Here is a magic card illustration I did a while back. I got to design some kind of evil forest monster rooting up tombstones with undead crawling up from the ground.

In the thumb stage I established most of what made it to final. I chose a very low horizontal line to make us look from below up on the monster making him seem more gigantic and impressive. I have a soft spot for monsters without eyes. i think it makes them more primal to be equipped only with the bare necessities for eating: mouth and teeth. Eyes are too personal.

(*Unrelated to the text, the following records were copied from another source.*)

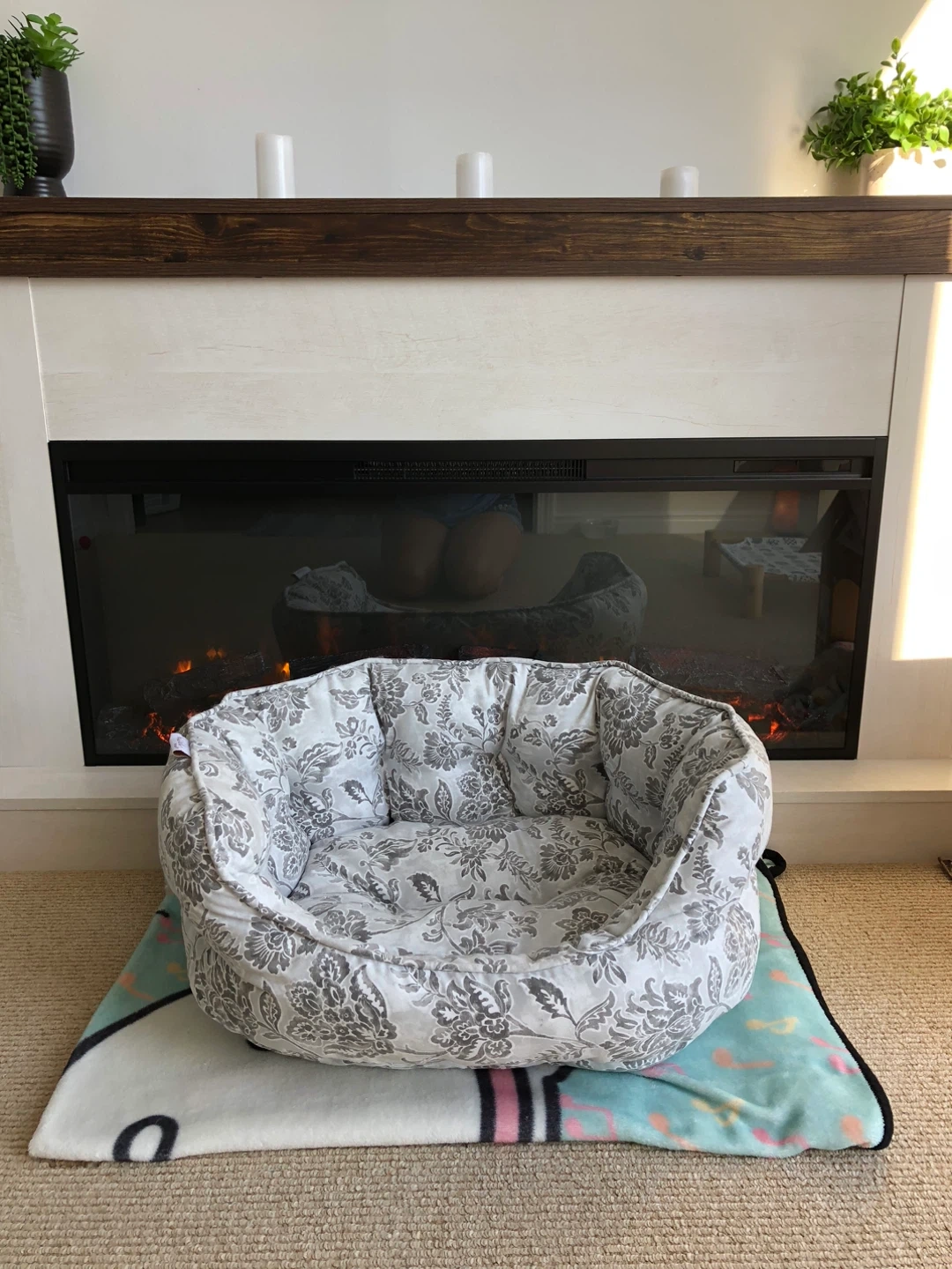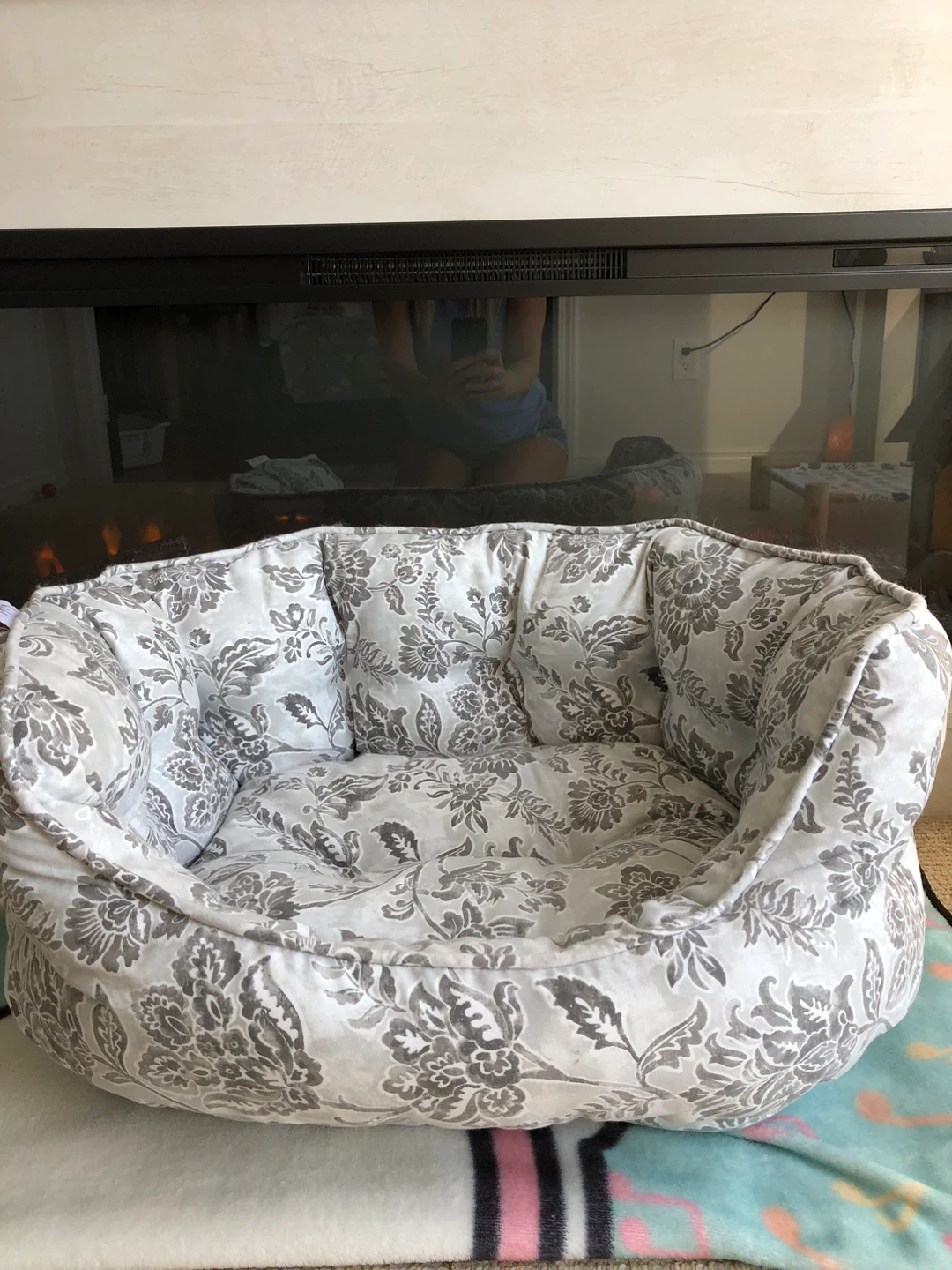 Selling a comfy pet bed with a lovely floral pattern! The bed is soft and has supportive cushioning all around, making it a cozy spot for your pet to relax. Like new!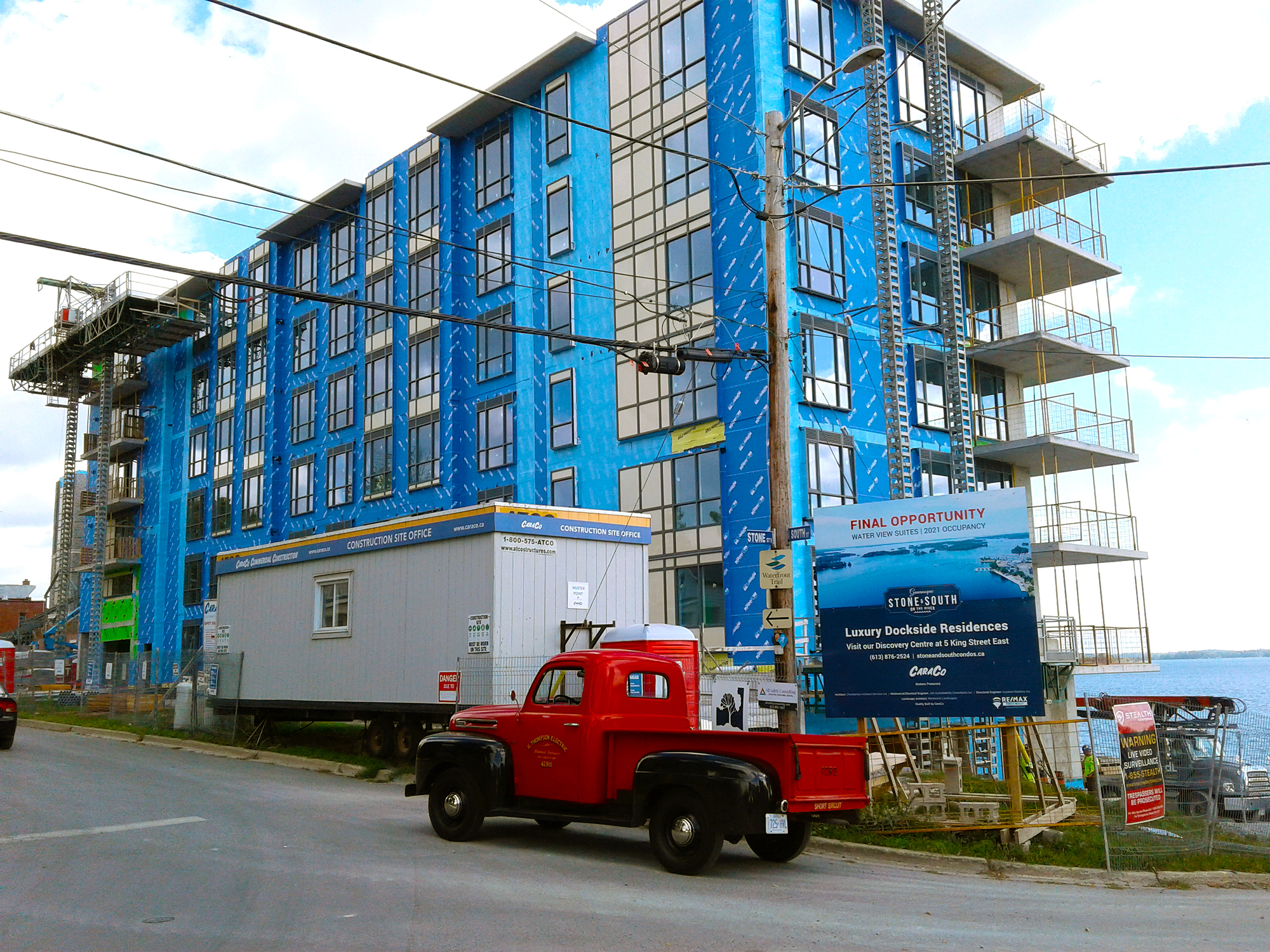 Completed in 2021, Thompson Electric was privileged to be the electrical contractor for Stone & South on the River, a beautifully designed two-phase waterfront condo development in Gananoque. Developed by CaraCo, the project features six-storey buildings with around 118 upscale units, all offering stunning views of the St. Lawrence River and the Thousand Islands.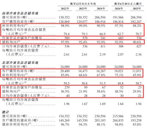 而北部基地的数据下滑则更为严重:该基地报告期内客户购买的库容从2.04万吨降至约1.1万吨,累计降幅46%,这导致公司库容利用率从85%大幅降至45.9%。此外,虽然每吨的月均冷冻食品仓储费保持相对稳定,但该基地的客户数量从279家降至了23家,累计降幅达91.76%。日均冷冻仓储费更是几乎“腰斩”。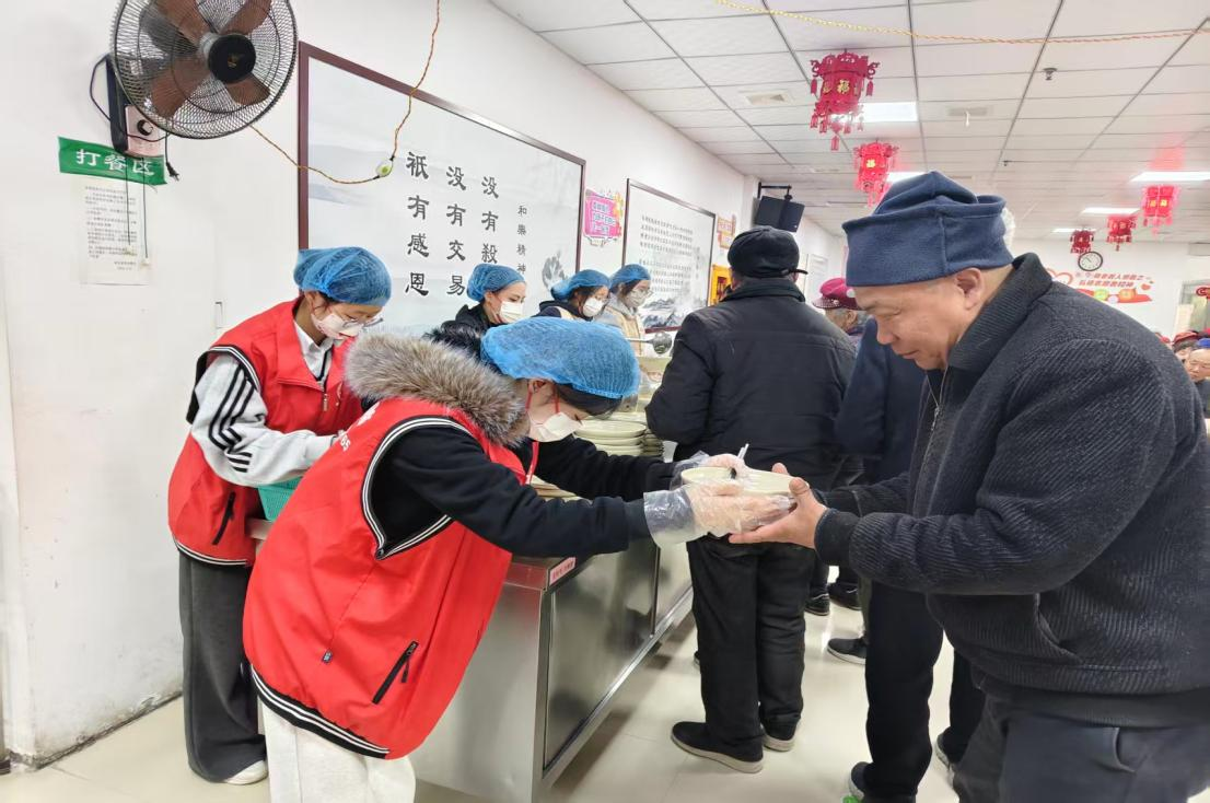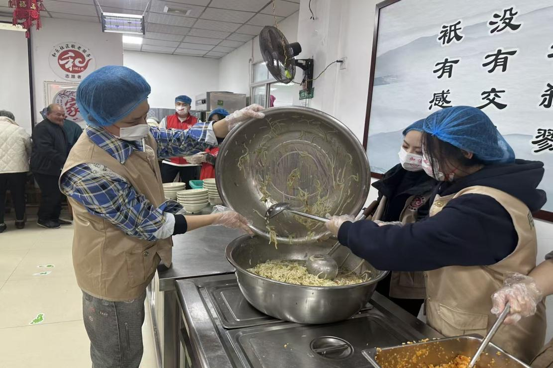 活动当天,志愿者们准时抵达服务点,迅速投入各项准备工作。大家分工协作、配合默契,有的协助厨房工作人员精细切菜,认真处理每一份食材;有的负责整理餐具、清洁场地,为老人营造整洁舒适的就餐环境;还有的在就餐区域维持秩序,主动搀扶行动不便的老人就座,耐心引导大家有序取餐。午餐制作完成后,志愿者们化身“暖心服务员”,为老人们精准打饭,细心叮嘱老人慢吃慢用,贴心关注每一位老人的用餐需求。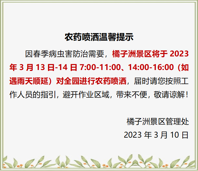 3月10日,记者从长沙橘子洲景区管理处了解到,该景区将于2023年3月13日-14日,7:00-11:00、14:00-16:00,对全园进行农药喷洒。届时请前往橘子洲景区的游客避开作业区域。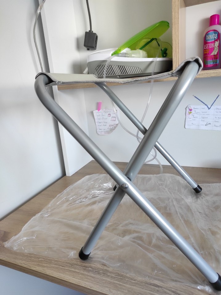 Gri renkte, katlanabilir dört lü kamp tabure hiç kullanılmadı ambalajları çıkarılmadı
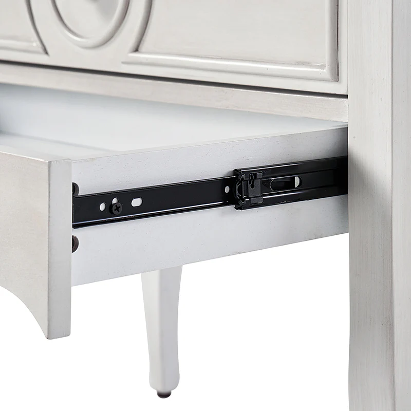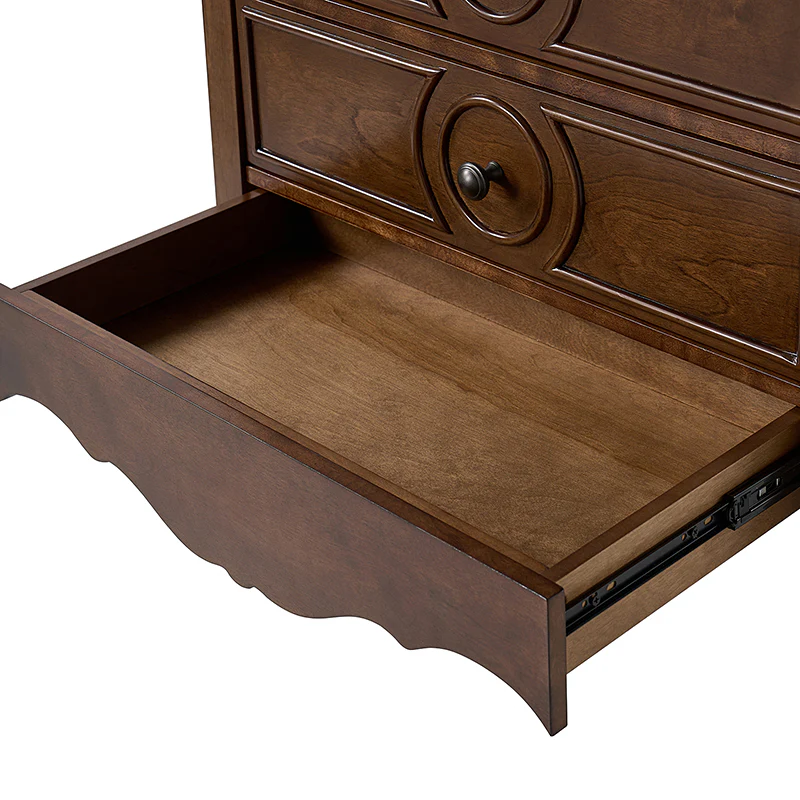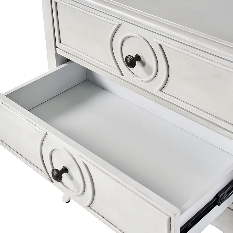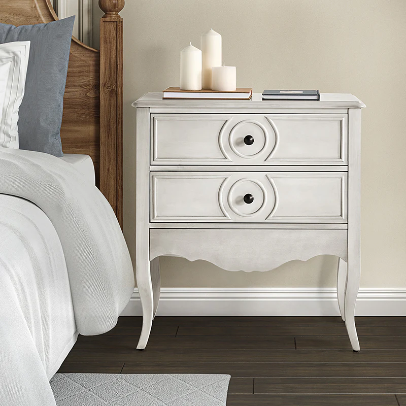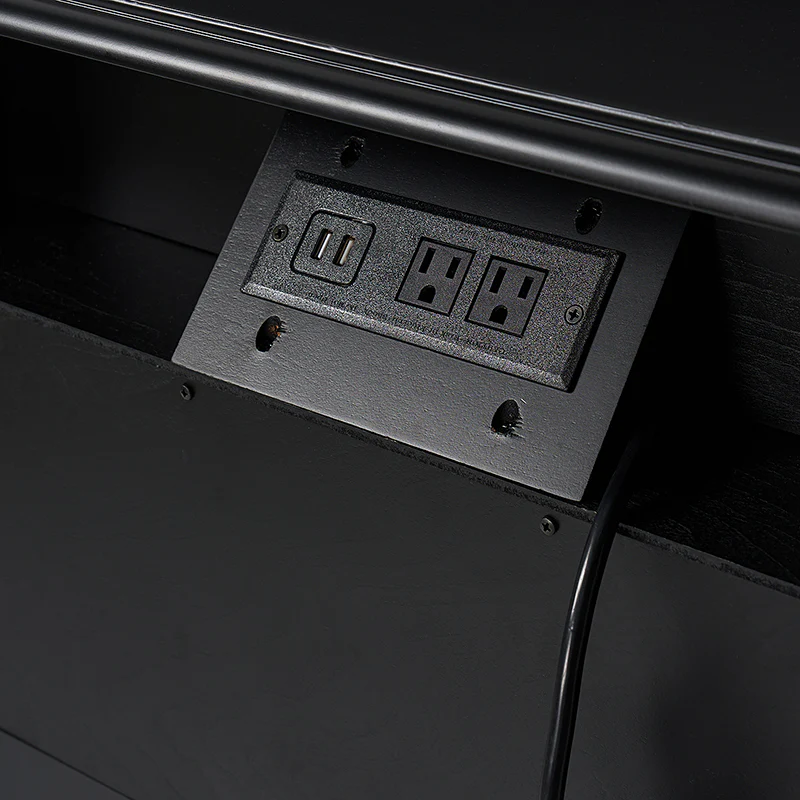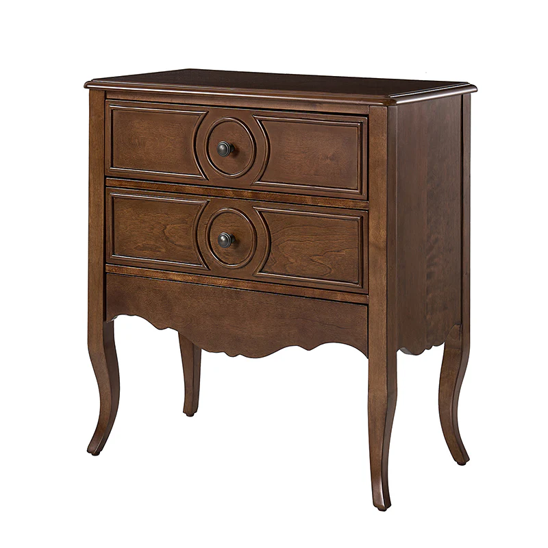 The classic nightstand with a hidden drawer is a blend of classic elegance and functionality. Its design features two visible drawers and a discreetly hidden drawer, providing ample storage space while maintaining a sleek appearance. The top drawer comes with a built-in charging station, offering convenient access to power your devices while keeping them organized. With its classical exterior and high legs, this nightstand exudes timeless charm and sophistication. The wooden trim detail creates a visually appealing framework, adding to its overall aesthetic. Additionally, the adjustable feet ensure stability and durable. This nightstand seamlessly combines traditional craftsmanship with mid-century practicality, making it a perfect addition to any bedroom setting.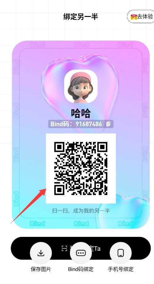 2、在"我的"页面找到情侣绑定功能,点击生成专属配对二维码,让对方扫码完成绑定关系。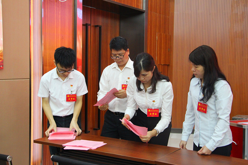上午八點十分,大會全體工作人員提前到位,大會籌備會務組人員整齊地擺放好簽到表、出席證、嘉賓證和列席證,做好迎接大會的準備。計票人、監(jiān)票人會前碰頭,明確分工任務。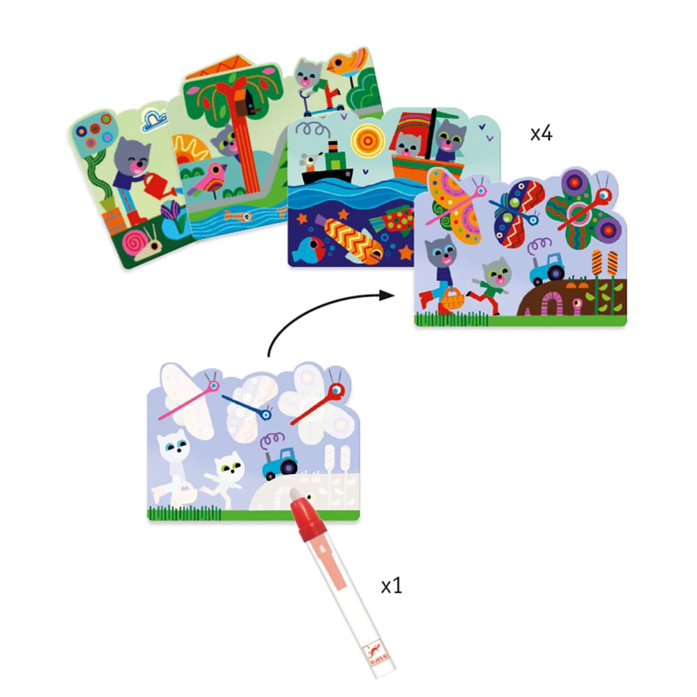 Σετ ζωγραφικής με μαγικά χρώματα! Αποτελείται από τέσσερις καρτέλες με ζωάκια κρυμμένα στον κήπο! Τα παιδιά γεμίζουν τον μαρκαδόρο με νερό κι έπειτα ξεκινούν να χρωματίζουν για να αποκαλύψουν κάθε είδους εκπλήξεις. Όταν ο μαρκαδόρος στεγνώσει τον γεμίζουμε ξανά και ακλουθούμε την ίδια διαδικασία.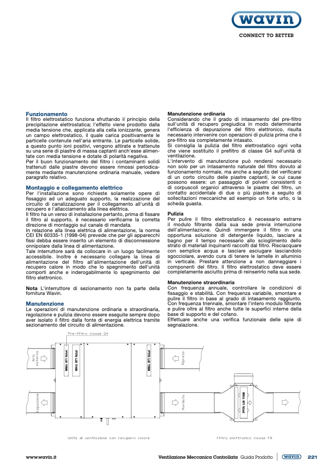 componenti del filtro. Il filtro elettrostatico deve essere

I ink the whole thing up on paper and add black acrylics to establish the values. From thumb to sketch I flattened out the perspective even more. I removed the zombie to the right since I wanted the focus to be on the 2 ones underneath him. I put a stone and a tree to the left in the foreground to make it appear that we are looking from behind something. It puts the viewpoint more into the scene.

I wanted the mood of this image to be very grey and without colors. As if the scene was lit only by moonlight, but I needed a strong accent color to show some magic element. Adding the pinkish tone to the mouth helps draw attention to the facial area. I think that little contrast color in a green/greyish palette helps wonder isn pulling the overall image away from being monochromatic. By having ONE off color you read the image as deeper and more colorful even though it is mostly build up by very simple color choices. Also the fact that all values was chosen beforehand really makes the coloring only a matter of creating texture.

In the final painting stage I scrapped the pine trees and replaced them with strange willow-like trunks. Also I replaced the leaves and branches on his back with the same kind of branch like shapes.
I am pretty happy with how few stages there are between the first thumb and the final image. I didn’t have any stage between the thumb and the drawing on the paper I painted on. By transferring only a thumb instead of a more rendered sketch I keep everything fresh and alive and lets the dynamic from the thumb translate all the way to final…that is, when everything goes well.